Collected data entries
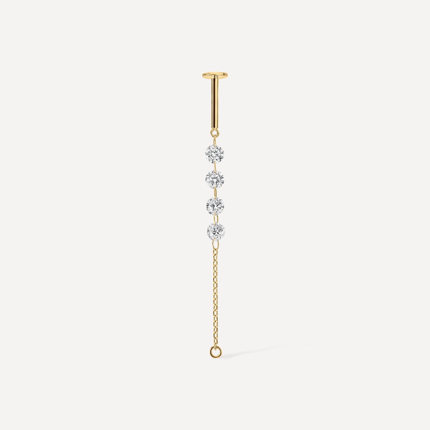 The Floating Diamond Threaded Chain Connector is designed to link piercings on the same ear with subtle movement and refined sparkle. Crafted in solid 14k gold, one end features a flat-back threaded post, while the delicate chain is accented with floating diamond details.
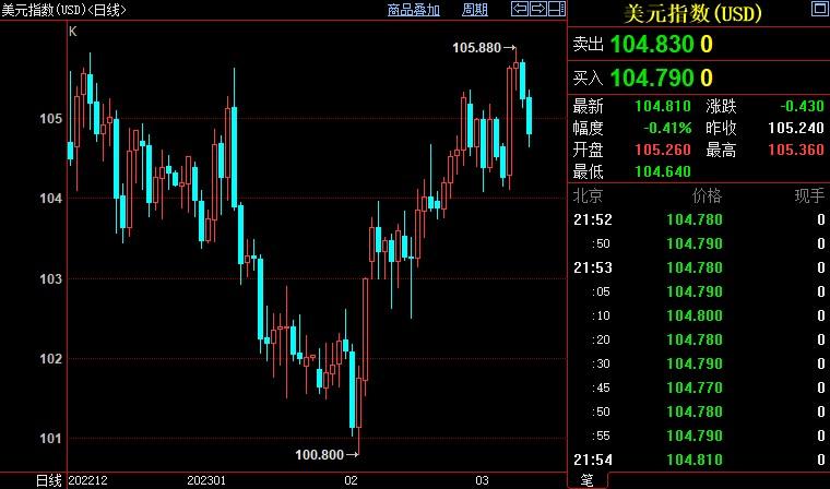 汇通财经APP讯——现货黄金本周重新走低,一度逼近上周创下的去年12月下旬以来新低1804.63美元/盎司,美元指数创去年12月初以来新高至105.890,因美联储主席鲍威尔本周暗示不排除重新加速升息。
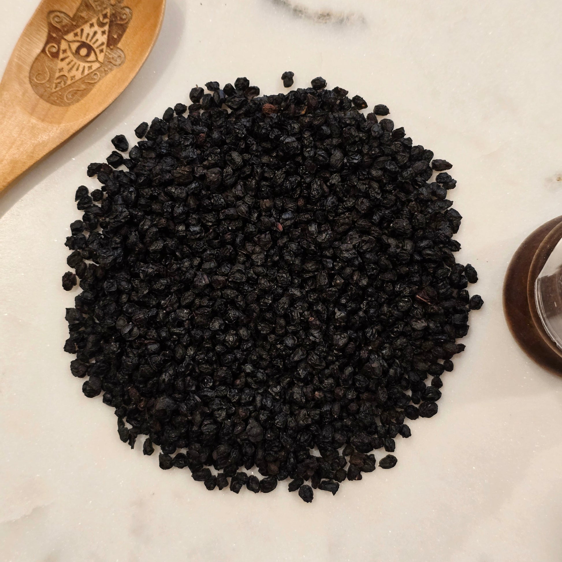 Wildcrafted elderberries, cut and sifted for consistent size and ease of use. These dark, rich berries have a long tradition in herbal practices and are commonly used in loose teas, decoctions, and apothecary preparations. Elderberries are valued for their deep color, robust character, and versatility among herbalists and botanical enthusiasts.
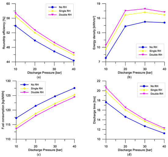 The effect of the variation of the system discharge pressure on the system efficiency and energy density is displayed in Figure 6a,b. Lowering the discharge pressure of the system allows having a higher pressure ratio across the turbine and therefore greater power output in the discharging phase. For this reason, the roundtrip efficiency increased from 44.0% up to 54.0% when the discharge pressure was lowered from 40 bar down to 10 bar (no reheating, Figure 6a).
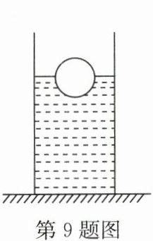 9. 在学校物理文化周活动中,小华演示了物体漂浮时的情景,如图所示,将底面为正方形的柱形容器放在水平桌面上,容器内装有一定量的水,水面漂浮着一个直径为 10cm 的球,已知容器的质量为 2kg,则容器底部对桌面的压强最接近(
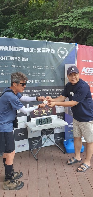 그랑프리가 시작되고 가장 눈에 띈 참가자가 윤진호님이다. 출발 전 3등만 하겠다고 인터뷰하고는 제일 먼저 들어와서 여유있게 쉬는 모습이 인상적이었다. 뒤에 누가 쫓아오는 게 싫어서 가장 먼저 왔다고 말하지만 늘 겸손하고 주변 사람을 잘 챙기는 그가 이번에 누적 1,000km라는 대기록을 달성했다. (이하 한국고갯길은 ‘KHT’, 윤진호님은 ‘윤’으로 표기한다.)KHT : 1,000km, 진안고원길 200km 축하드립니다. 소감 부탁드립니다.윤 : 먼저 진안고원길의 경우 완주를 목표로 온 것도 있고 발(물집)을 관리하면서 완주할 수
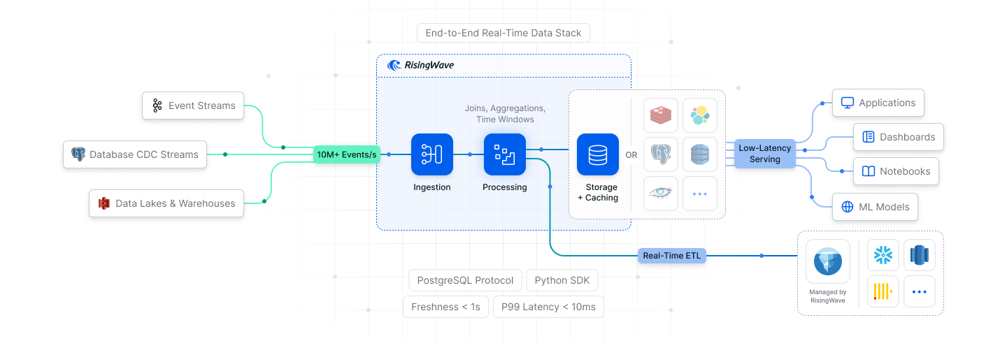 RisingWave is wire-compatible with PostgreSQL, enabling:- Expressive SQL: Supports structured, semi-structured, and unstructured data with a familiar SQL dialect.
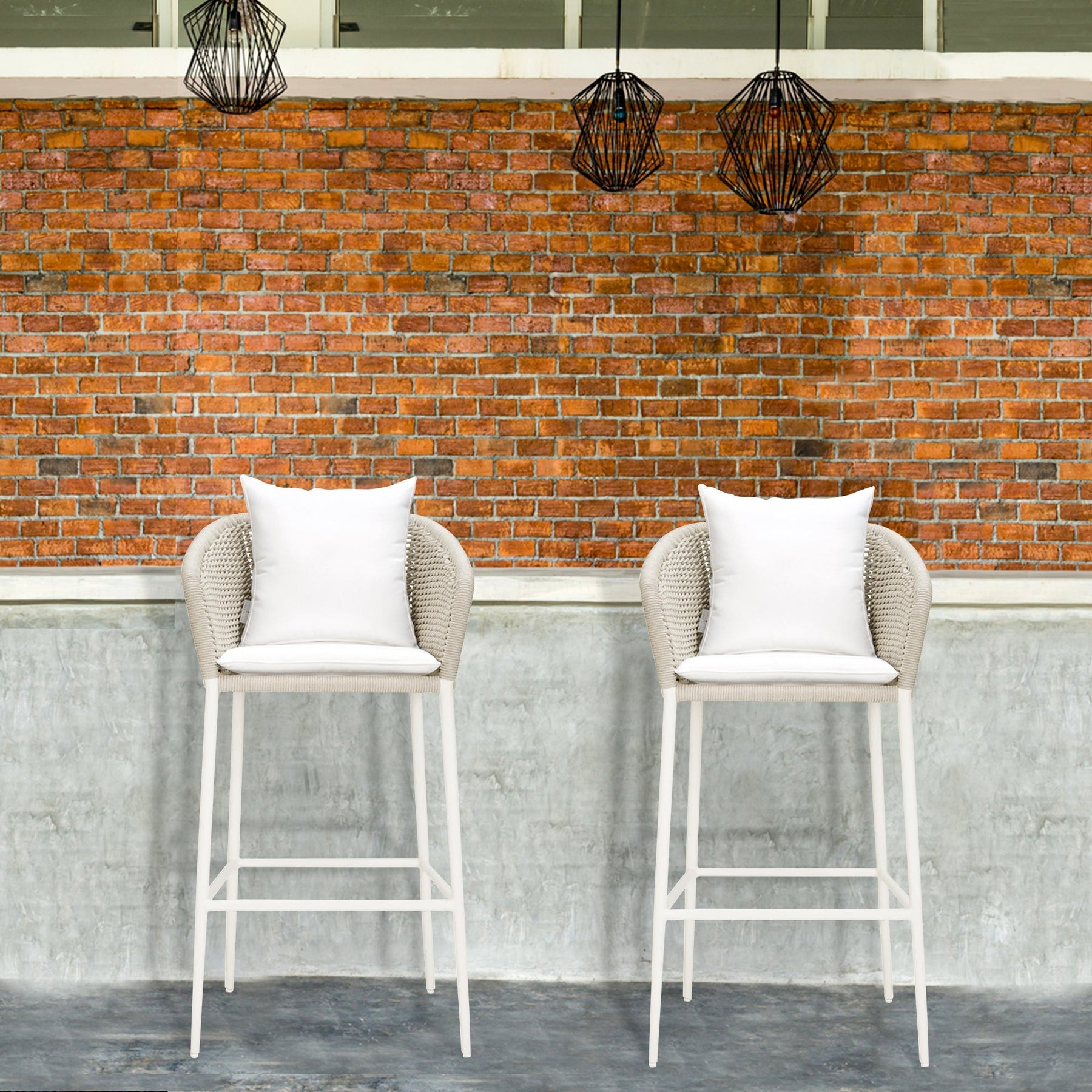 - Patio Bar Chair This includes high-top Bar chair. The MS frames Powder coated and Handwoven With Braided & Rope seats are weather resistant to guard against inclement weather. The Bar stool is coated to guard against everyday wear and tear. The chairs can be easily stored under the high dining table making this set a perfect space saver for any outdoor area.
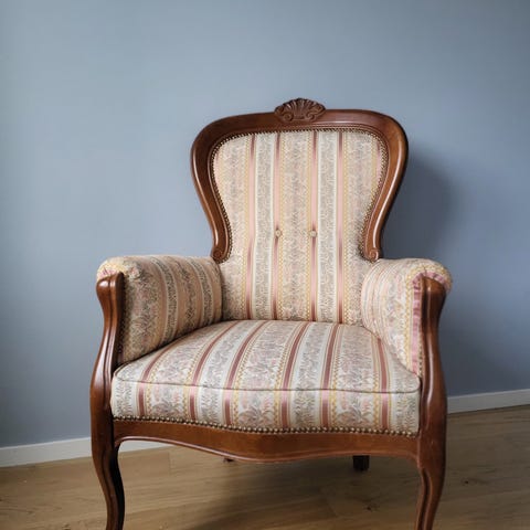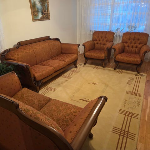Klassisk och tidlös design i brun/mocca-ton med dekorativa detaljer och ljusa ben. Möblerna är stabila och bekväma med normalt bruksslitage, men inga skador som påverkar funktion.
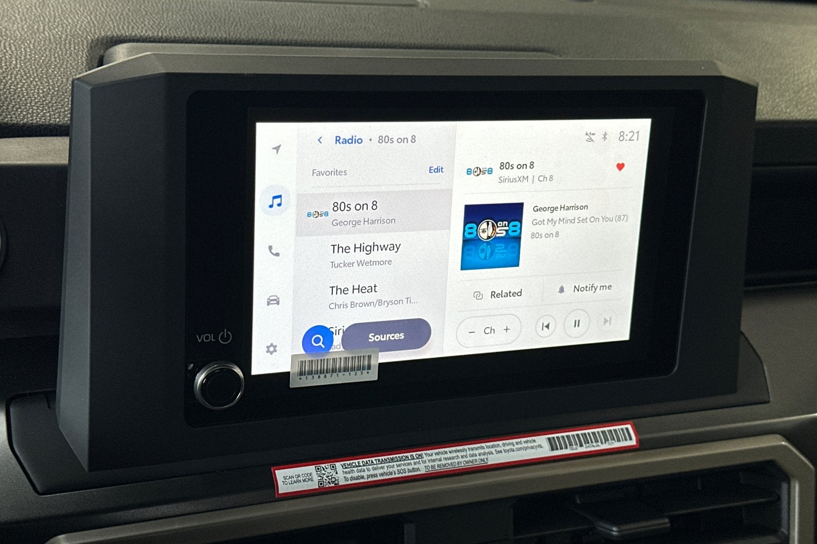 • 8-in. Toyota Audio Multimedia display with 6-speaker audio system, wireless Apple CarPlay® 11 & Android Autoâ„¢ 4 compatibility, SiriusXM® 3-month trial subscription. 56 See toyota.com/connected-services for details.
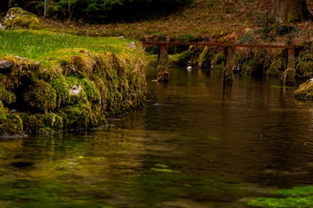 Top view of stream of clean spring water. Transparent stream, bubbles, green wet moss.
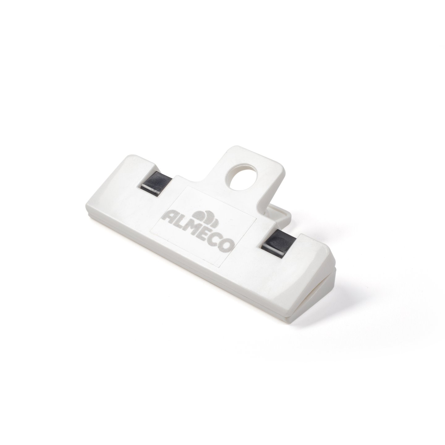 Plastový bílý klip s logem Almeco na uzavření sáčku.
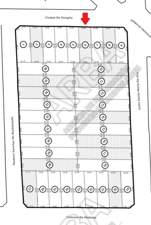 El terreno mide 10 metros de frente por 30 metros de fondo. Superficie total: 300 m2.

> _EXERCISE_:
Would you write out each entry word for word and omit the images?

> _ANSWER TO THE EXERCISE_:
 The Floating Diamond Threaded Chain Connector is designed to link piercings on the same ear with subtle movement and refined sparkle. Crafted in solid 14k gold, one end features a flat-back threaded post, while the delicate chain is accented with floating diamond details.
 汇通财经APP讯——现货黄金本周重新走低,一度逼近上周创下的去年12月下旬以来新低1804.63美元/盎司,美元指数创去年12月初以来新高至105.890,因美联储主席鲍威尔本周暗示不排除重新加速升息。
 Wildcrafted elderberries, cut and sifted for consistent size and ease of use. These dark, rich berries have a long tradition in herbal practices and are commonly used in loose teas, decoctions, and apothecary preparations. Elderberries are valued for their deep color, robust character, and versatility among herbalists and botanical enthusiasts.
 The effect of the variation of the system discharge pressure on the system efficiency and energy density is displayed in Figure 6a,b. Lowering the discharge pressure of the system allows having a higher pressure ratio across the turbine and therefore greater power output in the discharging phase. For this reason, the roundtrip efficiency increased from 44.0% up to 54.0% when the discharge pressure was lowered from 40 bar down to 10 bar (no reheating, Figure 6a).
 9. 在学校物理文化周活动中,小华演示了物体漂浮时的情景,如图所示,将底面为正方形的柱形容器放在水平桌面上,容器内装有一定量的水,水面漂浮着一个直径为 10cm 的球,已知容器的质量为 2kg,则容器底部对桌面的压强最接近(
 그랑프리가 시작되고 가장 눈에 띈 참가자가 윤진호님이다. 출발 전 3등만 하겠다고 인터뷰하고는 제일 먼저 들어와서 여유있게 쉬는 모습이 인상적이었다. 뒤에 누가 쫓아오는 게 싫어서 가장 먼저 왔다고 말하지만 늘 겸손하고 주변 사람을 잘 챙기는 그가 이번에 누적 1,000km라는 대기록을 달성했다. (이하 한국고갯길은 ‘KHT’, 윤진호님은 ‘윤’으로 표기한다.)KHT : 1,000km, 진안고원길 200km 축하드립니다. 소감 부탁드립니다.윤 : 먼저 진안고원길의 경우 완주를 목표로 온 것도 있고 발(물집)을 관리하면서 완주할 수
 RisingWave is wire-compatible with PostgreSQL, enabling:- Expressive SQL: Supports structured, semi-structured, and unstructured data with a familiar SQL dialect.
 - Patio Bar Chair This includes high-top Bar chair. The MS frames Powder coated and Handwoven With Braided & Rope seats are weather resistant to guard against inclement weather. The Bar stool is coated to guard against everyday wear and tear. The chairs can be easily stored under the high dining table making this set a perfect space saver for any outdoor area.
Klassisk och tidlös design i brun/mocca-ton med dekorativa detaljer och ljusa ben. Möblerna är stabila och bekväma med normalt bruksslitage, men inga skador som påverkar funktion.
 • 8-in. Toyota Audio Multimedia display with 6-speaker audio system, wireless Apple CarPlay® 11 & Android Autoâ„¢ 4 compatibility, SiriusXM® 3-month trial subscription. 56 See toyota.com/connected-services for details.
 Top view of stream of clean spring water. Transparent stream, bubbles, green wet moss.
 Plastový bílý klip s logem Almeco na uzavření sáčku.
 El terreno mide 10 metros de frente por 30 metros de fondo. Superficie total: 300 m2.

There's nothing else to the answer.